Jagger Says `Brexit' May Bring U.K. Satisfaction -- Eventually

  • Rolling Stones front man makes comments in Sky News interview
  • Says exit may be detrimental short-term, beneficial long-term

Mick Jagger arrives at an event in London, England on April 4.

Photographer: Mike Marsland

Rolling Stones front man Mick Jagger intervened in David Cameron’s campaign to keep Britain in the European Union by saying an exit from the bloc might eventually benefit the country.

Acknowledging that the referendum on June 23 won’t make a “huge difference” to him personally, Jagger said in an interview with Sky News television posted on the broadcaster’s website on Tuesday that while he sees short-term risks to a so-called Brexit, it could pay off after a couple of decades.
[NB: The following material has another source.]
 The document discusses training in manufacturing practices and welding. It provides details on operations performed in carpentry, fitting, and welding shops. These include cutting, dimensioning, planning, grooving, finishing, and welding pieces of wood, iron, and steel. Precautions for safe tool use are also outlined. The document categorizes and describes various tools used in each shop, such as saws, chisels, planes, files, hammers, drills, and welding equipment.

“I think to the country in the short term it will be detrimental if we stay out,” Jagger said. “In the longer term, in a 20-year term, it might turn out to be beneficial.”

With just over two months to go before a vote that’s already split Prime Minister Cameron’s Conservative Party, polls remain close, with those backing remaining in the EU narrowly in the lead. The Leave.EU campaign, one of the groups pushing for Brexit, seized on Jagger’s remarks, tweeting an image of the singer against a British flag with the slogan “Let’s move like Jagger and get out of the EU.”
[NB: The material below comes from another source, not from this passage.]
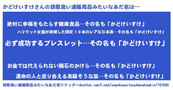 | ヘコむあだ名 | 『かどふぇ~』『かどけいすけ(爆)』 |
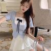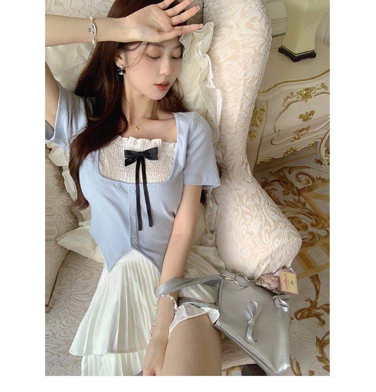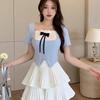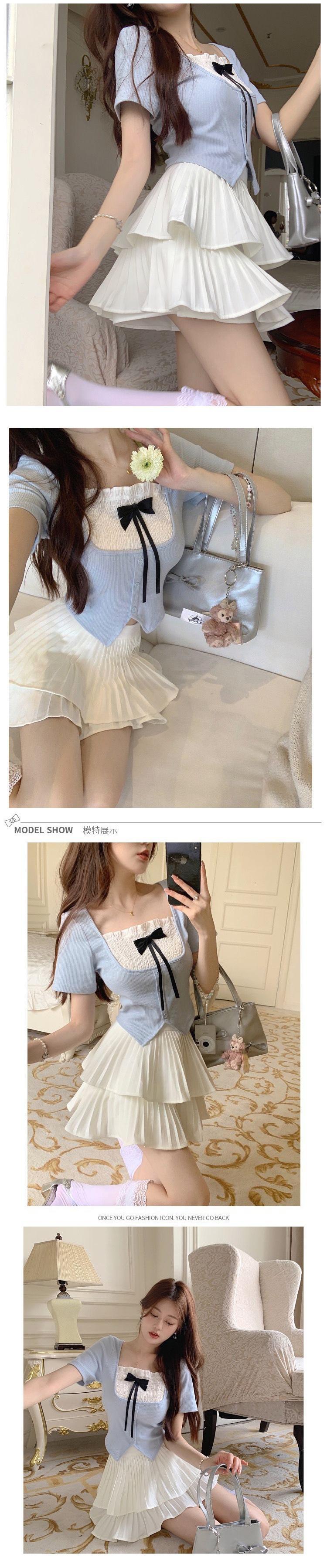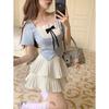 Conjunto de dos piezas formado por falda y top de manga corta, para mujer, color blanco y dulce, talla grande, con plisado

With Cameron campaigning for in, and several of his own ministers backing an exit, speculation is increasing that a no vote could force the prime minister to step down.

“I wonder if David Cameron, if he was asked today, whether he would actually
want to put this out for a referendum now,” Jagger mused.

Cameron pushed the case for staying in at a campaign event in Birmingham, central England, on Thursday, telling his audience that “if we left the EU it’s pretty clear, and the Bank of England has said this, there’d be a shock to our economy, and we would suffer in terms of a fall in our currency, a fall in our GDP, our output.”